15.
La corde est rêche sur la peau fine de ses chevilles. L’eau est vive. Sous le pont le courant est violent. Des gerbes giclent sur les berges sableuses. Une à une, il met les pierres dans les amples poches de sa veste. Il finit par attacher solidement la plus lourde à son torse, non sans mal. « Marko, pousse-moi. » Une main hésitante vient se poser dans le bas de son dos. D’une simple pression, il bascule dans le vide. Les sanglots sont inaudibles dans le vacarme que provoque l’impact de son corps avec la surface de l’eau. La casquette bleue est emportée par les rapides. La montre s'échoue sur le rivage, fêlée.
***
Luciole était assise au bord du fleuve, une cigarette négligemment serrée entre ses lèvres fines. Elle n'avait jamais aimé l'eau mais elle adorait cet endroit, venant tous les soirs contempler les reflets des lumières déformés par les ondes aquatiques. Elle jeta le mégots d'une pichenette et regarda les flots en engloutir les dernières braises, sortit aussitôt une autre cigarette, claqua des doigts et alluma le tabac à l'aide de son pouce en flamme. Parfois, elle s'imaginait la vie qu'elle aurait pu avoir sans ce pouvoir maudit. La plupart du temps, elle s'en fichait.
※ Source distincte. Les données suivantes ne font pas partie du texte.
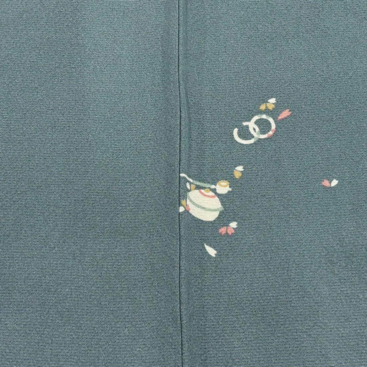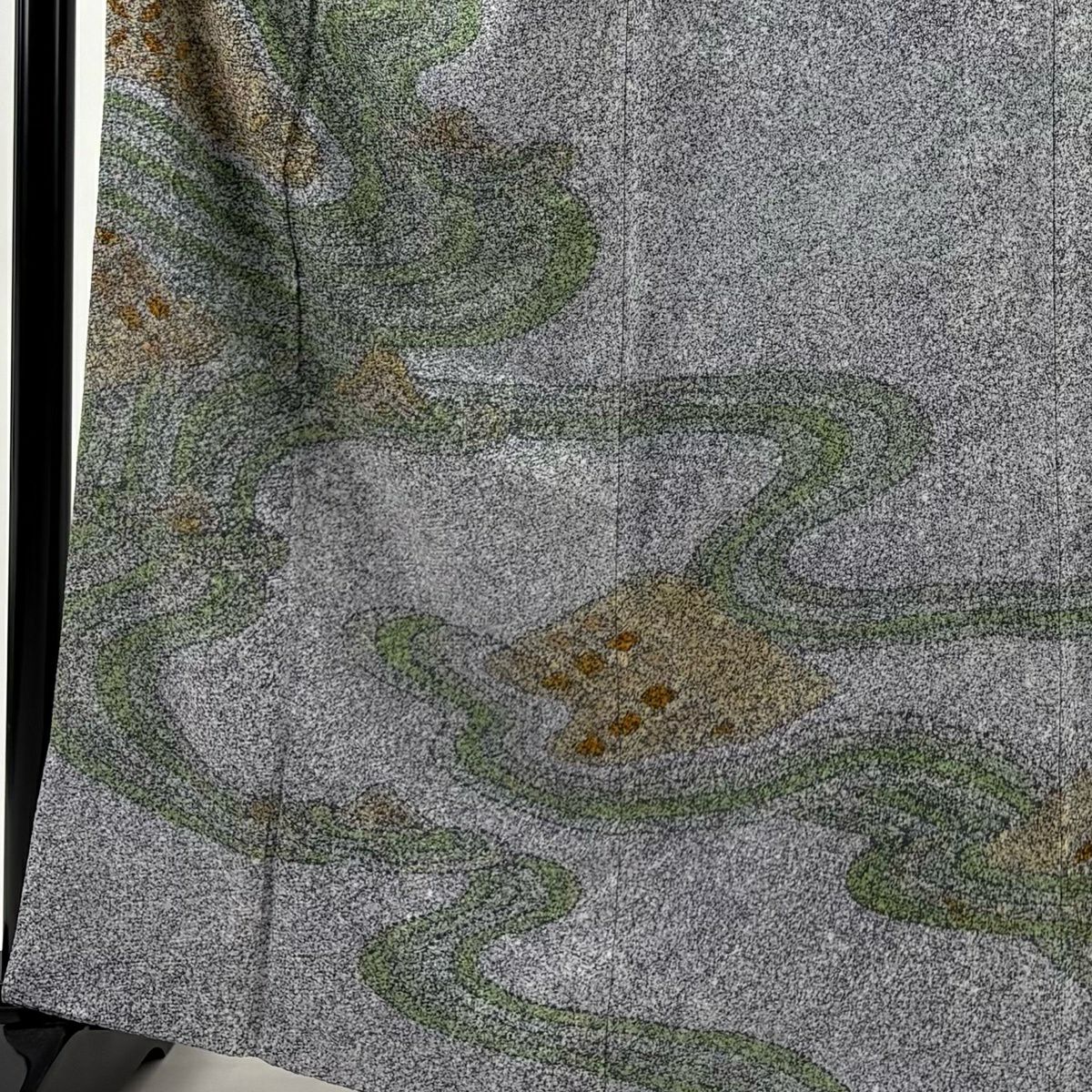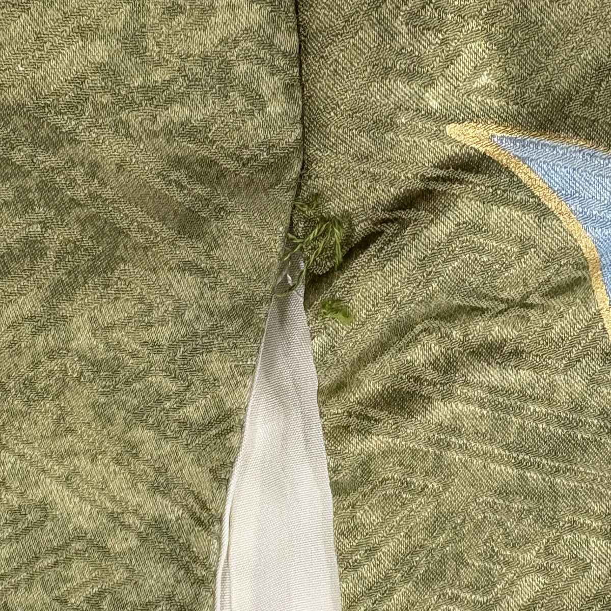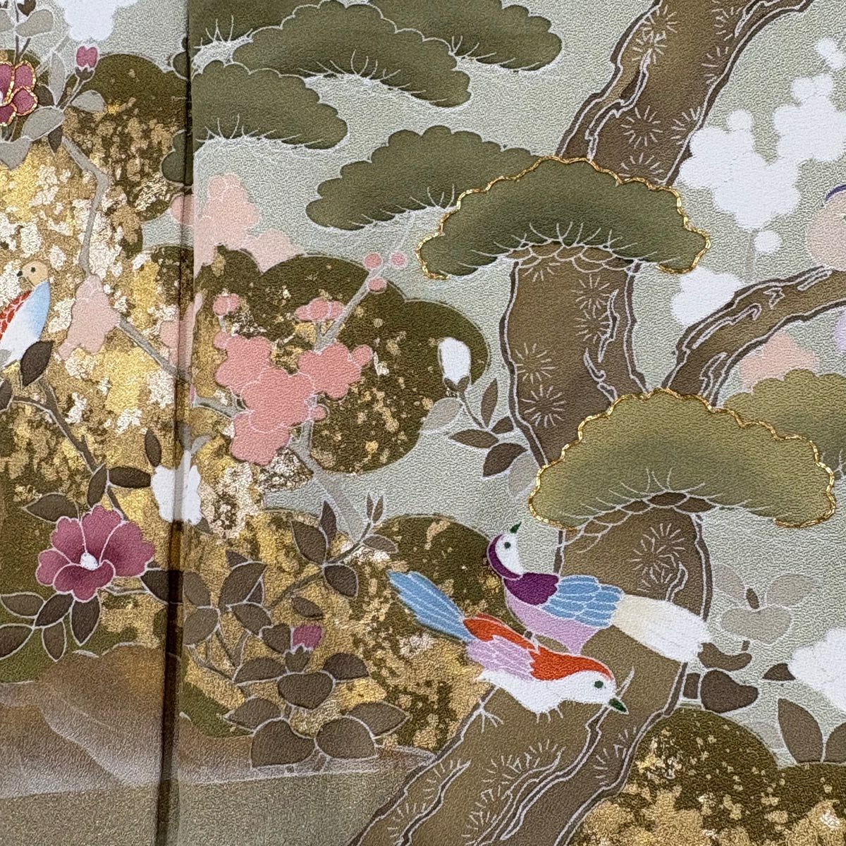 訪問着 身丈160.5cm 裄丈64.5cm M 袷 花鳥 雲文 灰緑 正絹 秀品
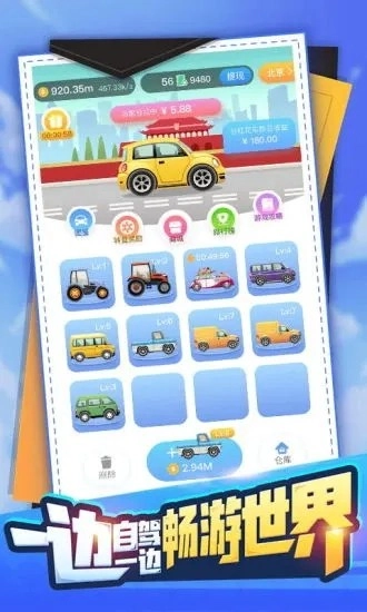 简单的游戏能持续产出金币,汽车等级越高,你获得的收益就越多。
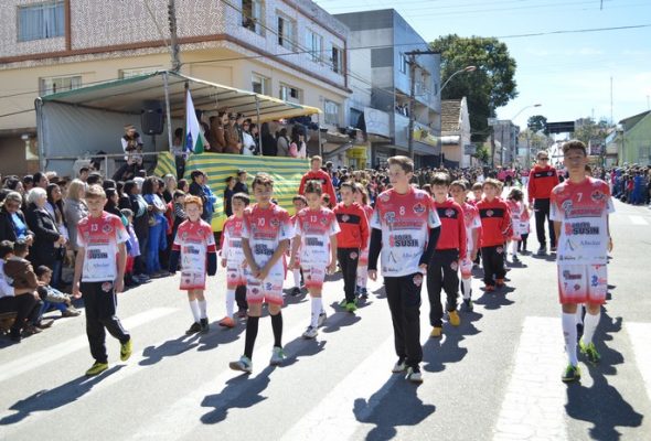 Escolinha Mafra Ferromax/DME leva Tocha Olímpica e mascote ao Desfile da Independência
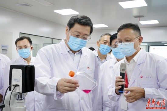 在源品生物,杜家毫先后考察了细胞储存与制备中心、质量控制中心,了解干细胞科研、应用领域、市场前景等情况。今年2月,该企业向省内外4家医院累计提供了18批次51份脐带间充质干细胞制剂,成功救治了19位新冠肺炎重症、危重症患者。杜家毫对企业利用干细胞治疗新冠肺炎患者的创新之举予以肯定。他说,生物医药企业前期投入大、研发周期长,要一手抓前沿技术研究、核心产品研发,一手抓科技成果转化和产品市场推广,力争早投入、早产出、早见效。
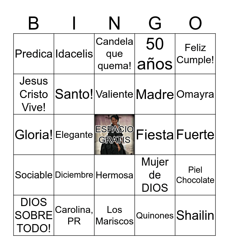 This bingo card has a free space and 24 words: Diciembre, Carolina, PR, Valiente, DIOS SOBRE TODO!, Feliz Cumple!, Predica, Jesus Cristo Vive!, Idacelis, Fiesta, Hermosa, Madre, Gloria!, Mujer de DIOS, Piel Chocolate, Santo!, Quinones, Fuerte, Candela que quema!, Omayra, Elegante, Shailin, Sociable, 50 años and Los Mariscos.
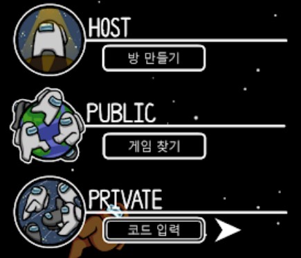 게임 최소 인원은 4명이며 10명까지 온라인으로 같이 플레이할 수 있습니다. 온라인에 클릭하면 닉네임을 정하는 곳, 방 만들기, 게임 찾기, 코드 입력 메뉴가 나오는데 방 만들기는 내가 호스트가 되어 게임 설정을 할 수 있고 게임 찾기는 랜덤 게임에 들어갈 수 있고 코드 입력은 게임마다 고유 코드가 있는데 코드를 입력하여 특정방에 들어가는 방법입니다. 친구들과 같이할 때 이 방법을 사용하면 됩니다.

« Tu vas me mater encore longtemps, le vieux ? »
Ces mots, à peine audibles dans ce vacarme citadin de début de soirée, firent sortir l'homme de l'ombre. Il portait un pantalon avec d'innombrables poches dans l'une desquelles était fourrée sa main gauche.
« Alors c'est toi le Collectionneur ? continua Luciole, sereine face au danger.
- C'est comme ça qu'on m'appelle ? demanda simplement l'individu. C'est vrai que ça me va bien. »
Il s'approcha de la femme aux boucles brunes et vint s'assoir à ses côtés.
« T'as conscience que tu fais pas le poids, non ? T'aimes si peu la vie, le vieux ?
- Ca fait longtemps que ma vie s'est terminée...
- Eh bah... T'es pas jojo toi, c'est le moins qu'on puisse dire... Dis moi, pourquoi tu détestes tellement les lycans ? Peut être que si ta réponse me plait, je viendrais avec toi. J'ai envie de m'amuser un peu. Je m'ennuie toute seule. »
L'homme ne pipa mot, pensif. Luciole eut un pincement au coeur en voyant l'air triste sur son visage. Le désespoir, voilà ce que cet homme était. Comme elle.
« Ils m'ont pris ce qui m'était le plus cher au monde et je n'ai rien pu faire.
- Hum. Mes parents m'ont abandonnée le jour où ils ont vu ce que j'étais capable de faire. Ils m'ont traitée de démon, d'enfant du diable et de toutes les insultes qu'un gosse ne devrait jamais entendre. J'avais quatre ans. »
Tous deux restèrent silencieux un moment, regardant danser les arabesques orangées sur les vagues du fleuve.
« Je vais t'accompagner, le vieux. Pourquoi ? J'en sais rien... Peut-être que j'aime pas beaucoup la vie moi non plus. Sauf que contrairement à toi, je suis quasi immortelle, alors je vois pas trop ce que je risque... Et puis, si jamais t'es vraiment aussi cruel qu'on raconte, je te brûle vif et je pisse sur tes cendres, t'as compris ? J'ai plus rien à perdre dans ce monde. Que je vive, que je meurs, qui s'en fout, hein ? »
Luciole se leva non chalemment et tendit la main à l'homme aux yeux vairons mélancoliques. Il la saisit et se leva lui aussi. Elle marcha vers l'escalier qui montait jusqu'à la route et gravit les marches d'un pas lent, brûlant d'un simple contact de ses pieds nus les mauvaises herbes poussant entre les dalles. Même cela ne l'amusait plus... Une fois en haut, elle se rechaussa et attendit que l'homme la rejoigne.
« Dis, le vieux, est-ce que ça fait mal ?
- Oui, répondit-il.
- Tant mieux. »
Luciole grimpa sur le siège passager du pick-up, le regard au loin et attendit que le Collectionneur l'emmene dans son antre de torture.